ISCA Archive Eurospeech 1991
ISCA Archive Eurospeech 1991

A study of endpoint detection algorithms in adverse conditions: incidence on a DTW and HMM recognizer

Jean-Claude Junqua, Ben Reaves, Brian Mak

In this paper the performances of three recently developed endpoint algorithms are evaluated and compared to the Lamel and Rosenberg's algorithm [1] based on energy levels and timing, which is enhanced by automatic threshold setting.

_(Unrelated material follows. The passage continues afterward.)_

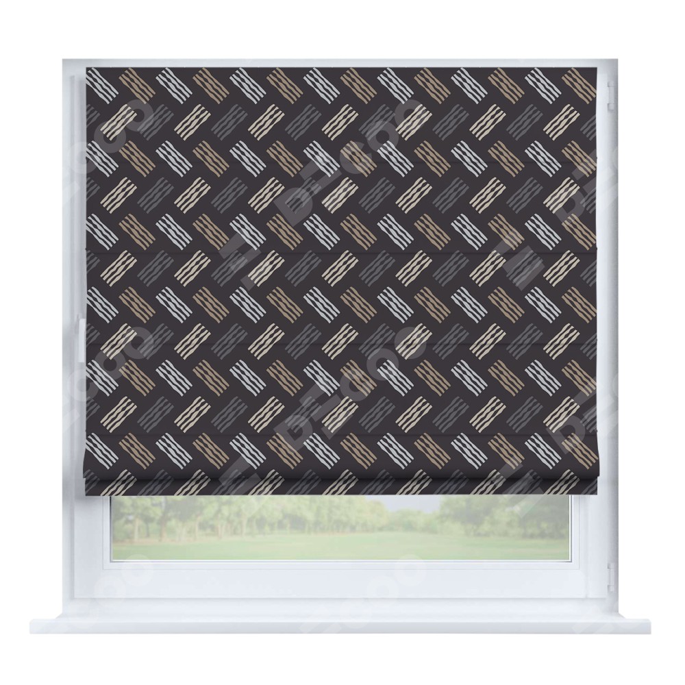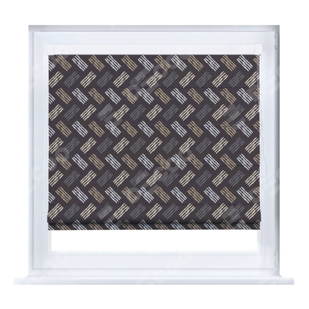Римская штора производителя «Cortin», устанавливается на створку окна, пошита из ткани блэкаут с нанесением сублимационной печати «Бохо штрихи». Штора шьётся по индивидуальным размерам, для данного типа римской шторы возможная ширина от 35 до 150 см., высота до 250 см.

Their performances are reported when integrated with two commonly used speech recognizers (discrete density vector quantization-based hidden Markov model (VQ-based HMM) and dynamic time warping (DTW)) in various types of noisy conditions. Accuracy was judged by agreement with hand-labeled endpoints, and by recognition rates. Results show that 1) a new noise adaptive algorithm using rms energy, zero-crossing rate, and a set of heuristics gives generally the best results at high or medium signal-to-noise ratio (>15 dB). 2) The HMM recognizer when used with this algorithm performs as well as if the endpoints were hand-labeled for clean Lombard speech; for noisy Lombard speech, depending on the type of noise used and the SNR, there is a degradation from 1% to 43% in recognition accuracy compared to manual labeling. 3) At low SNR, the algorithm based on Lamel and Rosenberg's method [1] and enhanced by automatic threshold setting gives generally better performance than the other algorithms. Keywords: Endpoint detection, voice activation, adaptive algorithm, Lombard-noisy speech, robustness.